Dry eye and its related symptoms are the most common causes of referrals to the ophthalmology centers. Since people with dry eye may suffer from different levels of the disease severity, this study aimed to develop a clinical decision support system for diagnosing and determining severity of dry eye disease. This research was carried out in two phases in 2020. In the first phase, a questionnaire was designed to identify the most important diagnostic parameters from the cornea specialists' perspectives (n = 37). In the second phase of the research, a clinical decision support system was designed and implemented by using MATLAB software. Finally, the system was evaluated using patient data which were collected in a teaching hospital (n = 50). The diagnostic parameters for dry eye disease were filamentary keratitis, meibomian gland dysfunction, score of ocular surface disease index, Schirmer's test result, tear meniscus height, tear breakup time, and fluorescein staining score.
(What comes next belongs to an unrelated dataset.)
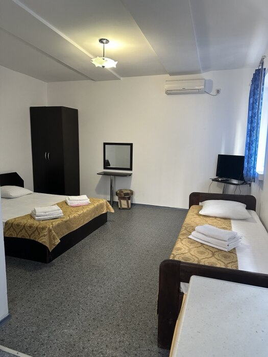 Имеются 2х местные , 3х местные, семейные номера(на 6 человек

The system output variables were the diagnosis and severity of dry eye disease at four levels for the right and left eyes, separately. The results of the evaluation study showed that the accuracy, sensitivity and specificity of the system were 96.9%, 97.5%, and 93.7%, respectively. It seems that the system designed in this study can help ophthalmologists to diagnose dry eye disease more accurately and quickly. However, it is recommended to conduct more evaluation studies and include more patients in the future research.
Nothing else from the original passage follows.